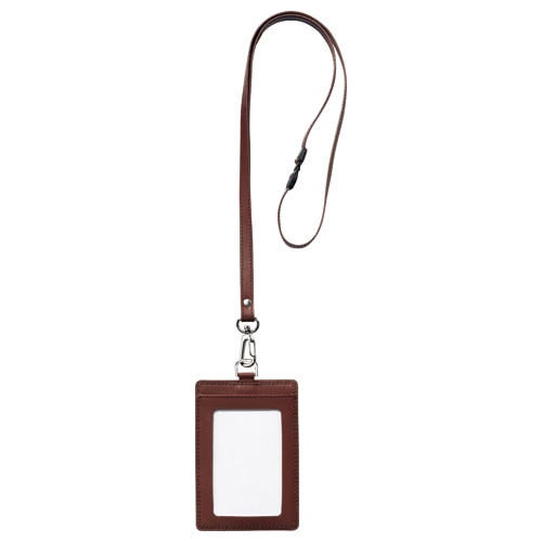 | 商品仕様 | ●色/ブラウン ●ケースサイズ/タテ112×ヨコ78mm ●適応カードサイズ/タテ85~91×ヨコ66mm ●窓サイズ/タテ80×ヨコ50mm ●ひもサイズ/10×885mm(吊り下げ金具除く) ●中紙/あり ●長さ調節/不可 ●材質/本体:牛革、金具:スチール、表示面:PVC、セーフティパーツ:ナイロン ●その他仕様/収納カード寸法厚み:2mm以内、裏面:ポケット付 ●ストラップ色/ブラウン(系) |
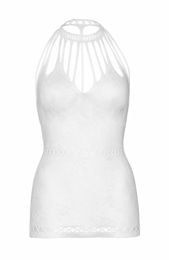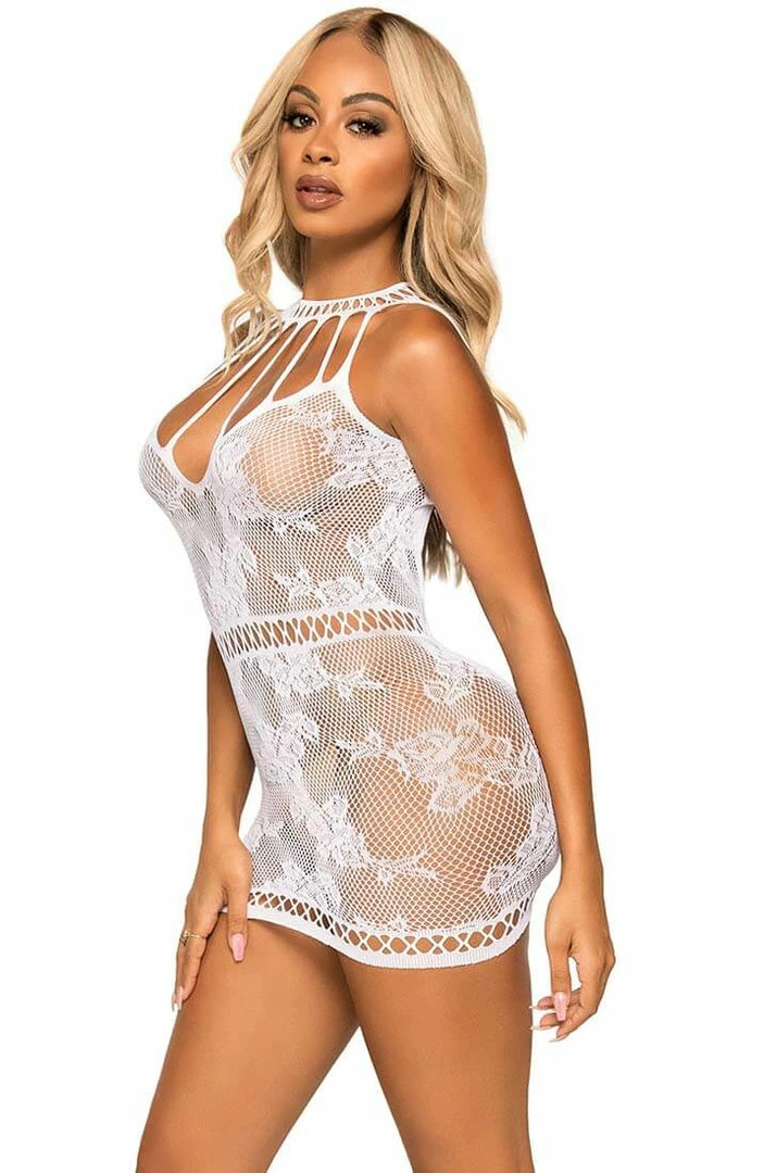 Give your babe a taste of your curves in this sexy white lingerie dress featuring an extremely stretchable fishnet material with feminine floral lace pattern, strappy cut-out neckline and a seductive cut-out low back design.
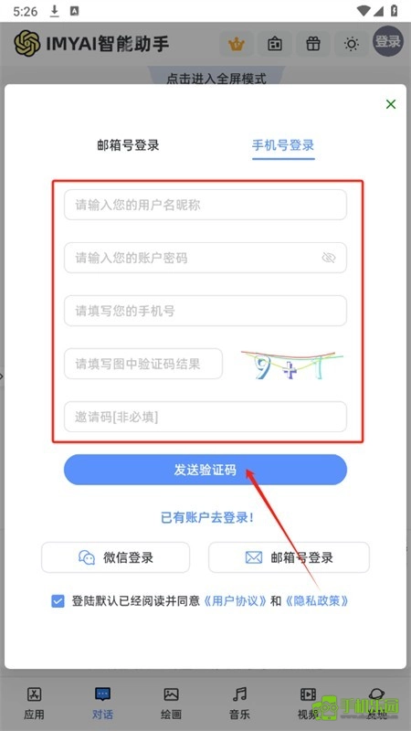 4、依次填写账号、用户名与密码等相关信息后,点击“发送验证码”按钮,待获取验证码并输入后,就能完成注册并成功登录。
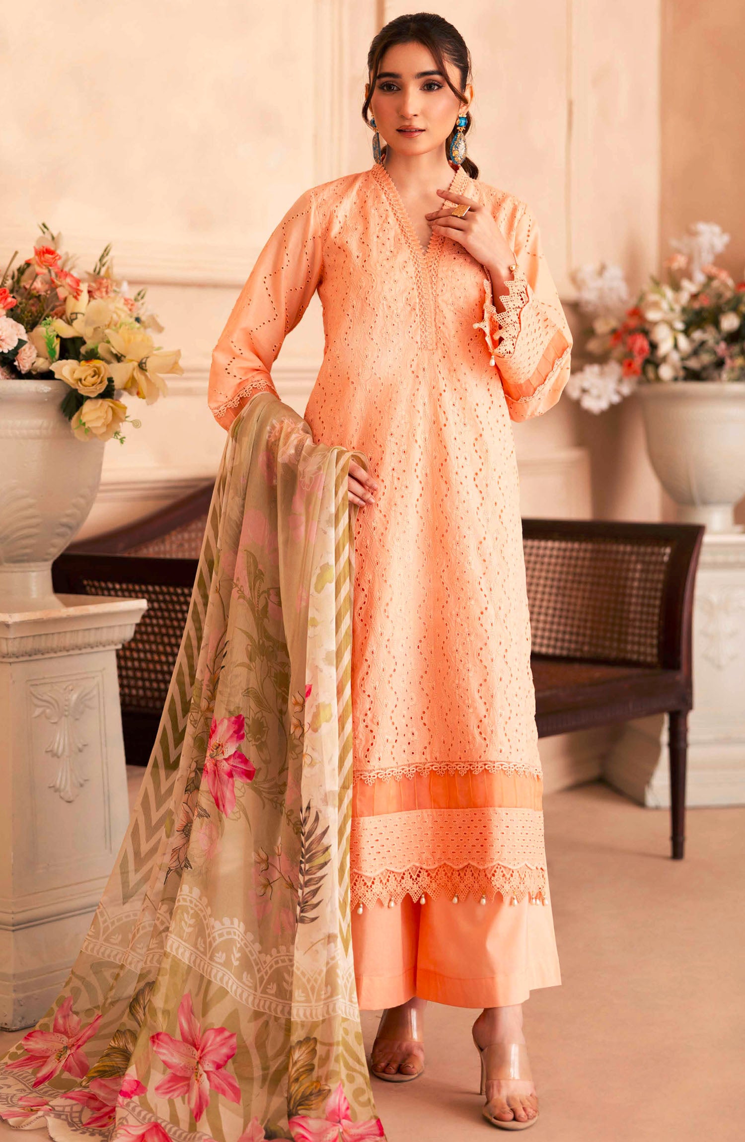 Home Aabish by Johra Chikankari Lawn Unstitched 4 Piece Suit - JH-275 - JH25AAL - Peach - Summer Collection
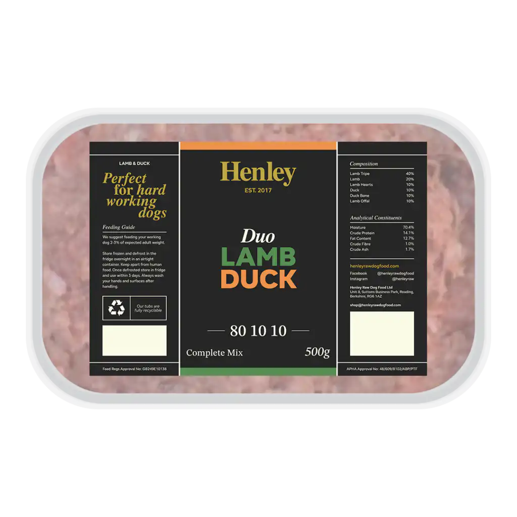 Our Duo range are all dual protein 80-10-10 meals. Perfect for active working dogs. Dual protein meals are great for providing a broader nutritional profile, reducing the risk of food insensitivities and supporting a healthy gut. Different protein sources provide a wider range of amino acids, vitamins and minerals, which help prevent nutrient imbalances and improve your dogs immune system resilience.
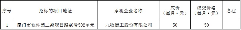 根據(jù)思明區(qū)國有企業(yè)資產(chǎn)出租管理的相關(guān)制度,我司2019年4月11日上午9:00于觀音山營運(yùn)中心2號(hào)樓2層2號(hào)會(huì)議室進(jìn)行公開招租現(xiàn)場(chǎng)開標(biāo),現(xiàn)通過思明控股網(wǎng)站對(duì)外發(fā)布成交公告。內(nèi)容如下:
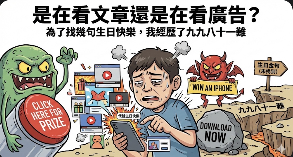 是在看文章還是在看廣告?為了找幾句生日快樂,我經歷了九九八十一難
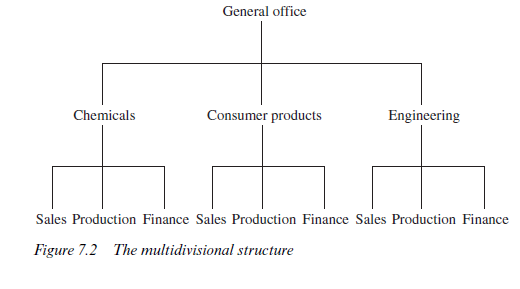 For enterprises with a limited scope, this system had (and has) definite advantages. Problems were encountered only when the firm began to undertake an increasing variety of activities and operate in many different geographical locations. The production and marketing problems arising in the field of one product may have very little connection with the production and marketing problems arising in another. In consequence, functional managers begin to become overloaded, attempting to make sense of flows of information which do not have many links between them. A firm manufacturing products such as shampoo, hair dyes and ethical drugs may find, for example, that the sales effort needs to be ‘divisionalised’. Ethical drugs may be marketed by visits to doctors and hospitals by a specialised staff of trained representatives. Shampoo requires large-scale advertising and may be sold through thousands of retail outlets. The same management team will find it difficult to cope with the problems of both sectors simultaneously.
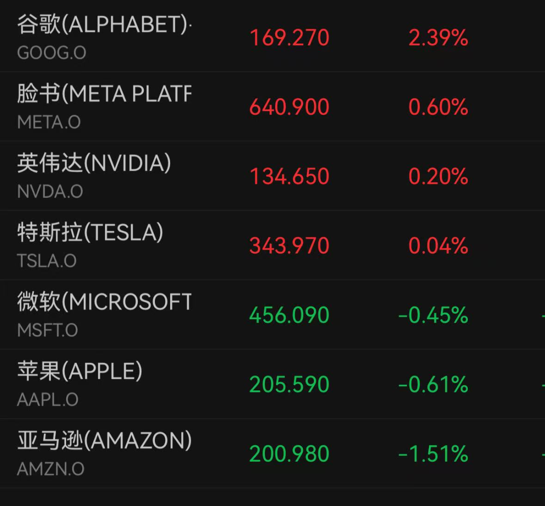 热门科技股涨跌不一,其中,谷歌涨超2%。
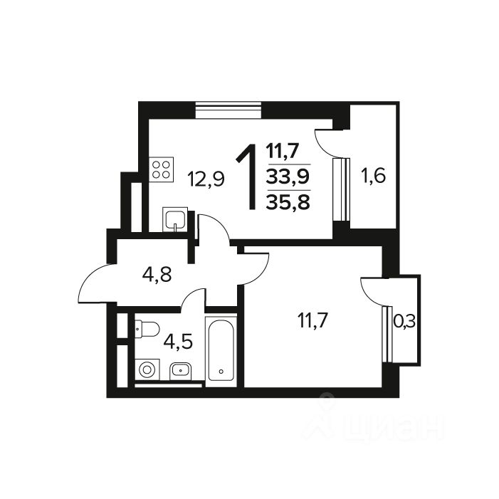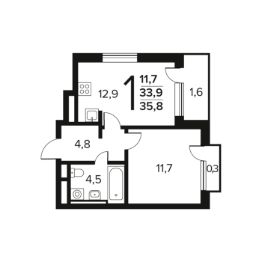 Общая площадь: 35.8 кв.м., жилая: 11.7 кв.м., площадь кухни: 12.9 кв.м. Этаж: 8.

• DIRECTIONS: Retype the records above word for word, from their first line through the line containing "是在看文章還是在看廣告?為了找幾句生日快樂,我經歷了九九八十一難", and leave out every picture.

• EXPECTED OUTPUT:
 | 商品仕様 | ●色/ブラウン ●ケースサイズ/タテ112×ヨコ78mm ●適応カードサイズ/タテ85~91×ヨコ66mm ●窓サイズ/タテ80×ヨコ50mm ●ひもサイズ/10×885mm(吊り下げ金具除く) ●中紙/あり ●長さ調節/不可 ●材質/本体:牛革、金具:スチール、表示面:PVC、セーフティパーツ:ナイロン ●その他仕様/収納カード寸法厚み:2mm以内、裏面:ポケット付 ●ストラップ色/ブラウン(系) |
 Give your babe a taste of your curves in this sexy white lingerie dress featuring an extremely stretchable fishnet material with feminine floral lace pattern, strappy cut-out neckline and a seductive cut-out low back design.
 4、依次填写账号、用户名与密码等相关信息后,点击“发送验证码”按钮,待获取验证码并输入后,就能完成注册并成功登录。
 Home Aabish by Johra Chikankari Lawn Unstitched 4 Piece Suit - JH-275 - JH25AAL - Peach - Summer Collection
 Our Duo range are all dual protein 80-10-10 meals. Perfect for active working dogs. Dual protein meals are great for providing a broader nutritional profile, reducing the risk of food insensitivities and supporting a healthy gut. Different protein sources provide a wider range of amino acids, vitamins and minerals, which help prevent nutrient imbalances and improve your dogs immune system resilience.
 根據(jù)思明區(qū)國有企業(yè)資產(chǎn)出租管理的相關(guān)制度,我司2019年4月11日上午9:00于觀音山營運(yùn)中心2號(hào)樓2層2號(hào)會(huì)議室進(jìn)行公開招租現(xiàn)場(chǎng)開標(biāo),現(xiàn)通過思明控股網(wǎng)站對(duì)外發(fā)布成交公告。內(nèi)容如下:
 是在看文章還是在看廣告?為了找幾句生日快樂,我經歷了九九八十一難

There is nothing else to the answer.